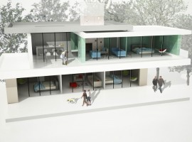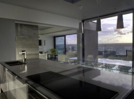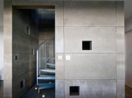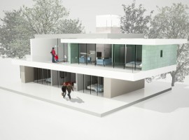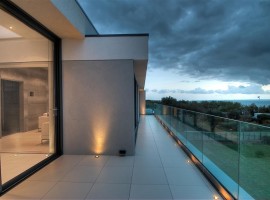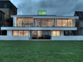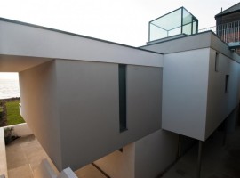 The architecture of the house sets it below the road level by 7 meters, while the roof works as the parking for three cars. The main highlight is the brightened glass cube for the entrance that gives the home its name. The glass glows by the night to show green when the weather is good, and when the atmospheric pressure falls, it gets red to inform and warn the yachtsmen of storm and weather conditions. The core of the house is in concrete, and the roof and floor decks seem to be hung from there.
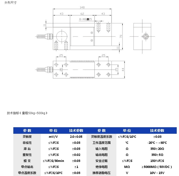 該傳感器彈性體采用彎曲懸臂梁結構,一端固定,一端受力,結構強度好,可用于各種拉伸力和壓縮力的承載和測量。具有:精度高、性能穩定可靠、安裝使用方便等特點(diǎn)。適用于電子秤、衡器等各種測力、稱(chēng)重的工業(yè)自動(dòng)化測量控制系統。
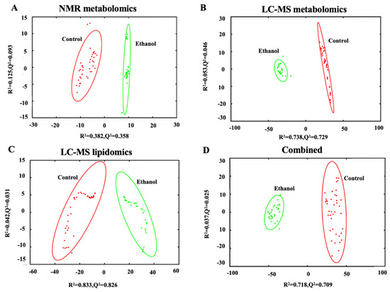 All four PCA scores plots exhibited similar and significant differences between the control and EtOH-fed groups with high statistical quality metrics as indicated by average R2 and Q2 > 0.7 ± 0.2. The PCA model using the NMR dataset had the lowest quality metrics while the LC-MS lipidomics dataset had the best metrics. Overall, the Q2 metrics indicate that the PCA is a consistent model with a good fit to the data and a reliable indicator of a group separation. The R2 and Q2 values for each of the four individual PCA models are listed in Supplemental Table S1.
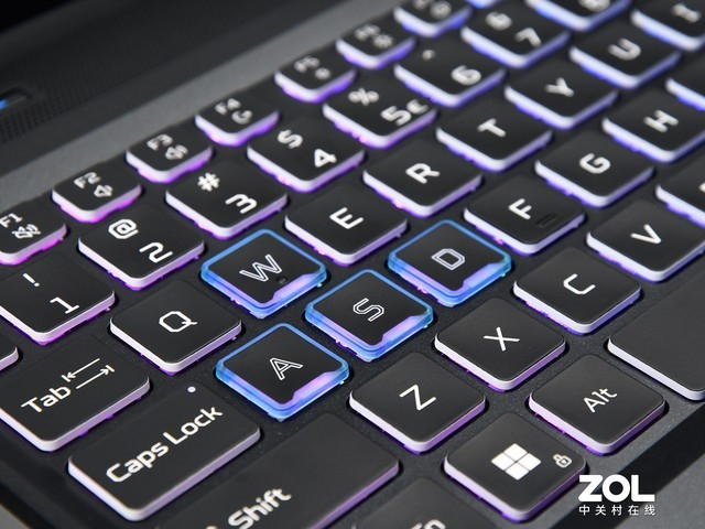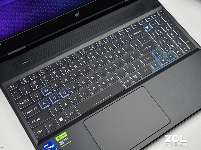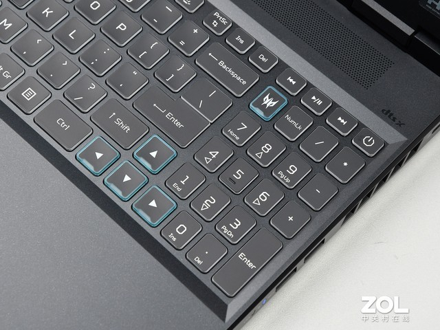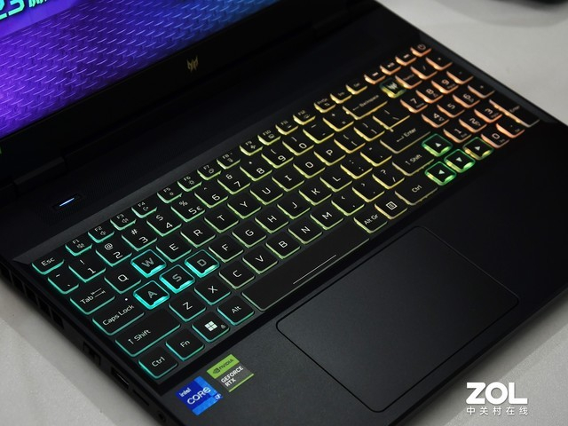 除了A面的设计理念有进一步提升外,在掠夺者 · 擎Neo的C面键盘使用上,宏碁也做了进一步的提升。该款笔记本搭载了四分区的RGB键盘设计,玩家可以通过PredatorSense控制感应系统对键盘的背光进行调节,各种色彩均可调,增加了战场的氛围。此外,WASD游戏常用按键进行了边框加粗设计,更加醒目。全尺寸的方向键和小键盘的设计,也令玩游戏的时候更加精准,可调快捷键操作更加方便。

> [TASK DETAILS] Where the material above includes pictures, omit them and retype everything else exactly.

> [EXERCISE SOLUTION]
 The architecture of the house sets it below the road level by 7 meters, while the roof works as the parking for three cars. The main highlight is the brightened glass cube for the entrance that gives the home its name. The glass glows by the night to show green when the weather is good, and when the atmospheric pressure falls, it gets red to inform and warn the yachtsmen of storm and weather conditions. The core of the house is in concrete, and the roof and floor decks seem to be hung from there.
 該傳感器彈性體采用彎曲懸臂梁結構,一端固定,一端受力,結構強度好,可用于各種拉伸力和壓縮力的承載和測量。具有:精度高、性能穩定可靠、安裝使用方便等特點(diǎn)。適用于電子秤、衡器等各種測力、稱(chēng)重的工業(yè)自動(dòng)化測量控制系統。
 All four PCA scores plots exhibited similar and significant differences between the control and EtOH-fed groups with high statistical quality metrics as indicated by average R2 and Q2 > 0.7 ± 0.2. The PCA model using the NMR dataset had the lowest quality metrics while the LC-MS lipidomics dataset had the best metrics. Overall, the Q2 metrics indicate that the PCA is a consistent model with a good fit to the data and a reliable indicator of a group separation. The R2 and Q2 values for each of the four individual PCA models are listed in Supplemental Table S1.
 除了A面的设计理念有进一步提升外,在掠夺者 · 擎Neo的C面键盘使用上,宏碁也做了进一步的提升。该款笔记本搭载了四分区的RGB键盘设计,玩家可以通过PredatorSense控制感应系统对键盘的背光进行调节,各种色彩均可调,增加了战场的氛围。此外,WASD游戏常用按键进行了边框加粗设计,更加醒目。全尺寸的方向键和小键盘的设计,也令玩游戏的时候更加精准,可调快捷键操作更加方便。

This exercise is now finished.